Furthermore, Okeyo says visiting Germany twice in May and September last year for a one-month playing stint with Stuttgart Hockey Club renewed his hunger to play.

“The Germany stint was inspiring. Despite my age, I can’t believe the energy flowing through me right now because of the experience I had over there and I can’t wait to play again,” said Okeyo.

‘Awilo’ as he is fondly known in hockey circles, started playing the sport at Kisumu Boys High School between 1999, guiding the institution to a third-place finish in Kenya Secondary School Games in his final year in 2001.

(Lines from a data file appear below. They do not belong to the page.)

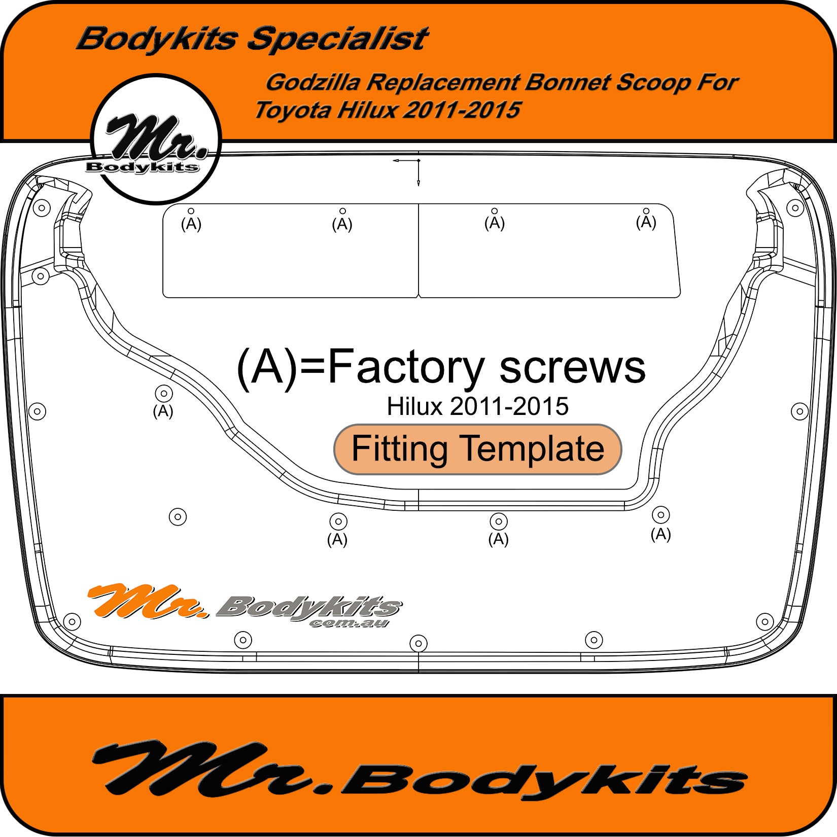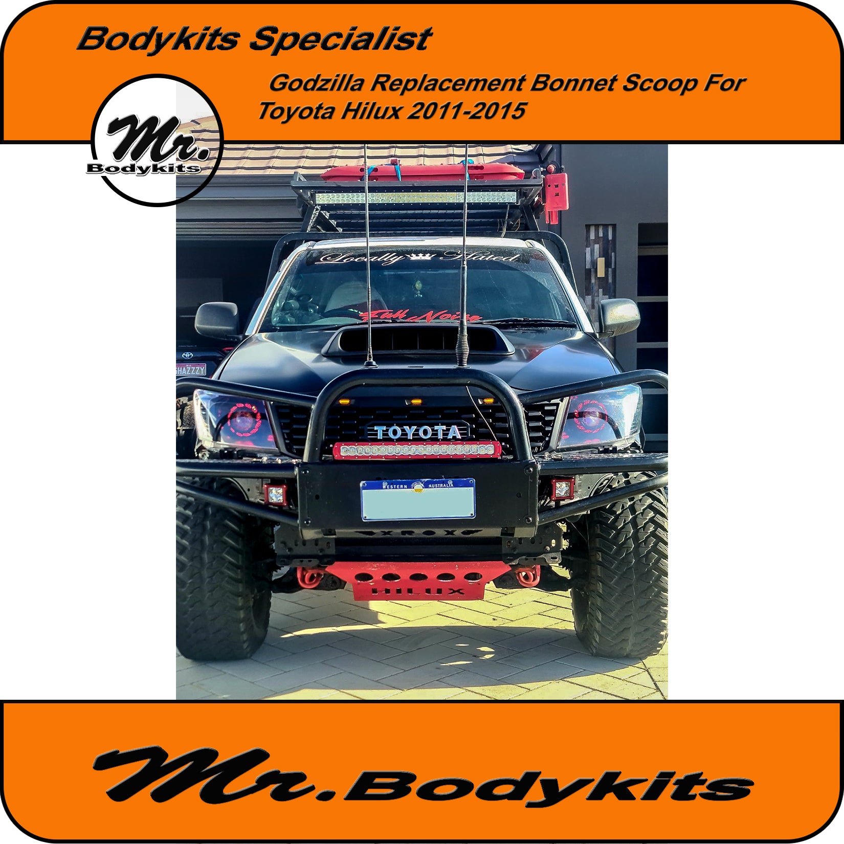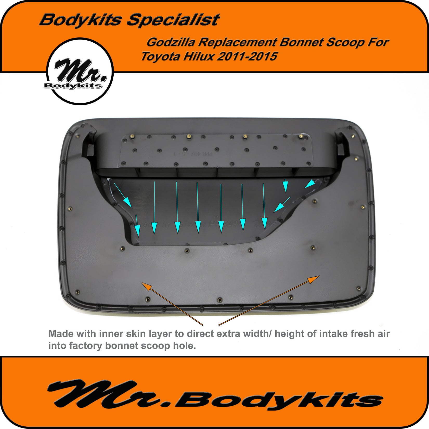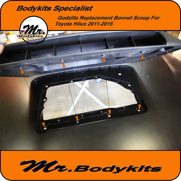 Mr. Godzilla extra-wide direct replacement bonnet scoop suit Toyota Hilux 2011-2015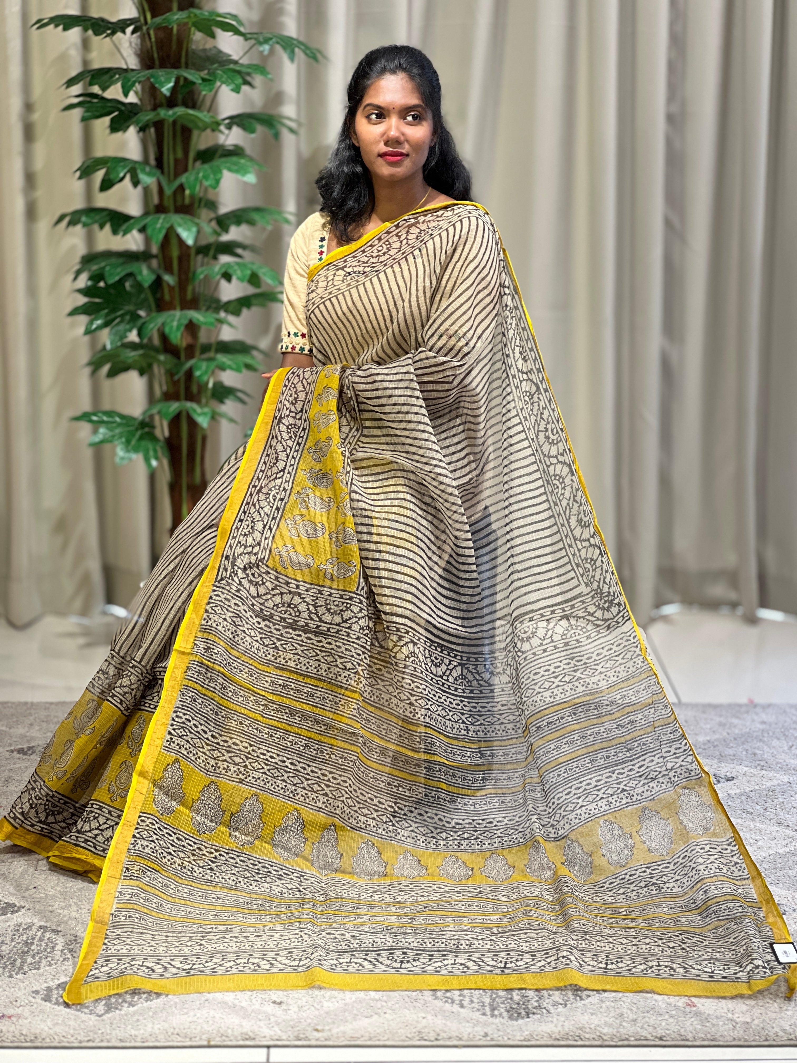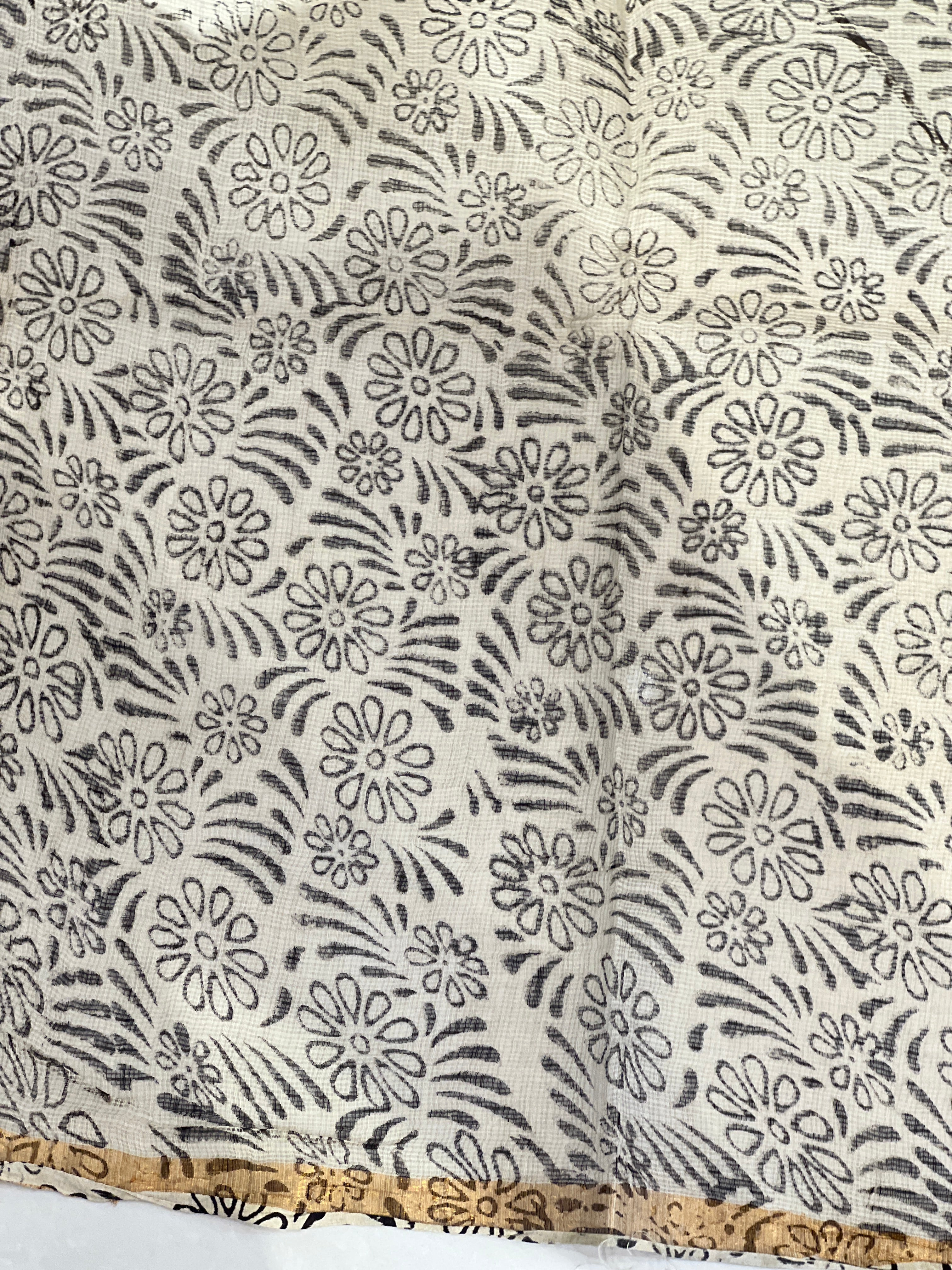 - Style: Screen Printed, Paisley & Stripe Pattern, Thin Zari Borders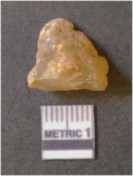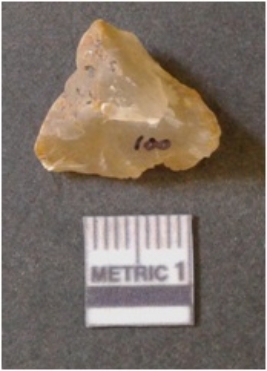 | Description / विवरण | It is chalcedony flake, translucent in appearance. The piece shows sharp pointed ends and flake scars on the surface as a result of flaking. The piece shows a bulb of percussion. |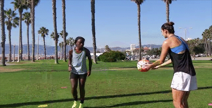 B逐渐地把距离拉大,并鼓励孩子用双手往外推球,用单手接球。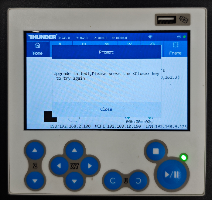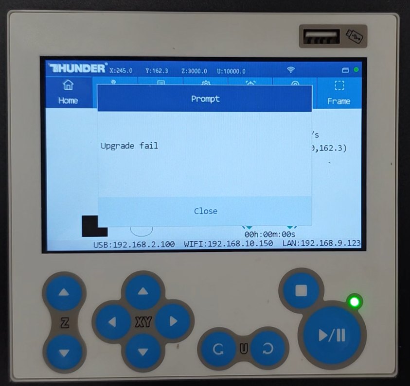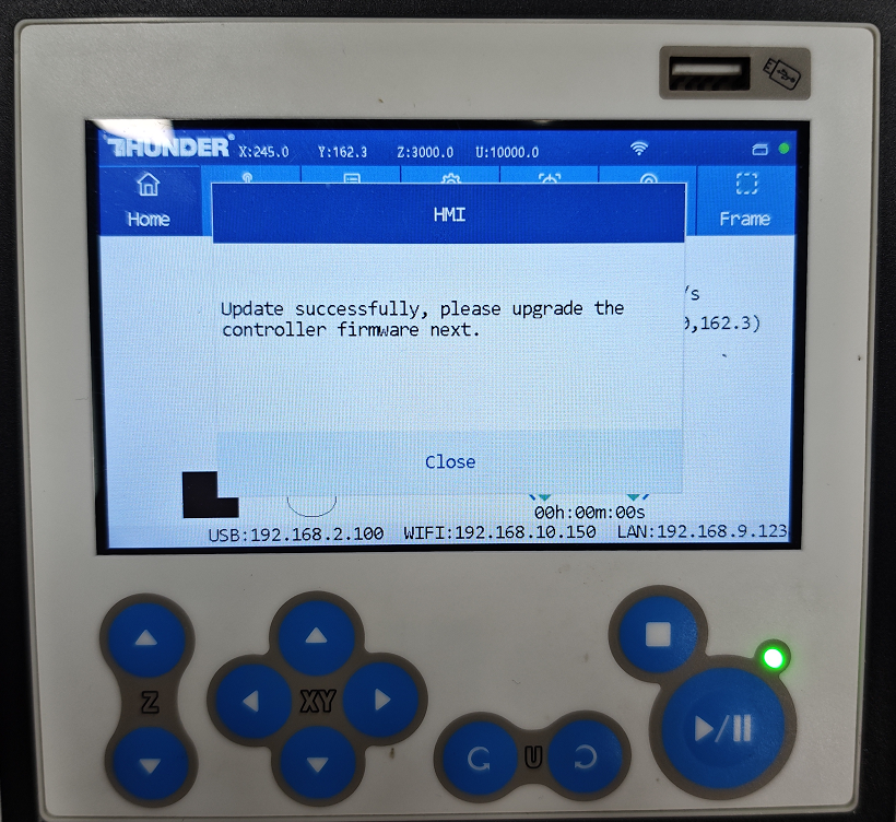 If it fails, it will display "Upgrade failed! Please press the <Close> key to try again." In this case, you need to click "HMI Upgrade" again in the Laser Maker software to retry the HMI upgrade.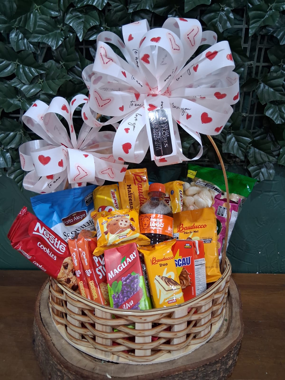 Cesta decorada, biscoito de polvilho, sequilhos, bolacha salpet,torrada,bolacha triunfo, bolacha   piraquê, bolacha de maisena, bolacha pit stop, bolinho bauducco, pão de mel, cookies,   achocolatado, suco e chá.

He went on to play for Eldoret Polytechnic between 2002-2003 after enrolling to study pharmacy.

Five years later, he joined Police in 2008 and in the same year volunteered to coach USIU (men and women) in 2009/2010 while serving Police as a player, guiding the men’s team to the premier league.

“It was not a stroll in the park because I had to balance between performing for my club and coaching USIU in the national league, but I am happier we achieved something positive.”

His first call up to the national team for the Embakasi-based officer came in 2013 during the Olympic qualifiers in Bulawayo, Zimbabwe, as Kenya finished fourth.

Since then, he has been a consistent and dominant force in the side with his last outing coming last year during the Olympic qualifiers in South Africa.

In 2015, he featured for Dhaka Mariners, inspiring them to their maiden Bangladesh Premier League title as well as being voted the Most Valuable Player (MVP).

Okeyo, who has been coaching the USIU Ladies team since 2017, has transformed the team from the comforts of mid-table experience to title contenders.

He has led his students to both the Kenya Universities Sports Association (KUSA) Nairobi Conference games and East Africa University games’ hockey titles three times in a row.

He was at his best again as Spartans finished fourth at the Africa Cup of Club Championship Trophy in 2018 and were ranked the best hockey university team on the continent.

He takes pride in scoring against South Africa during his international debut in 2013, a moment he treasures most in his career.

“It was magical to score at such a big stage during my first outing and to cap it off with another win against Ghana was just fantastic,” he said joyfully.

Even as he continues to gain recognition locally and internationally, he has his eyes set on coaching roles both at club level and the national team.

“Hockey has built the man in me and it will be fair for me to give more even after retiring and my goal is to nurture and coach other players,” he added.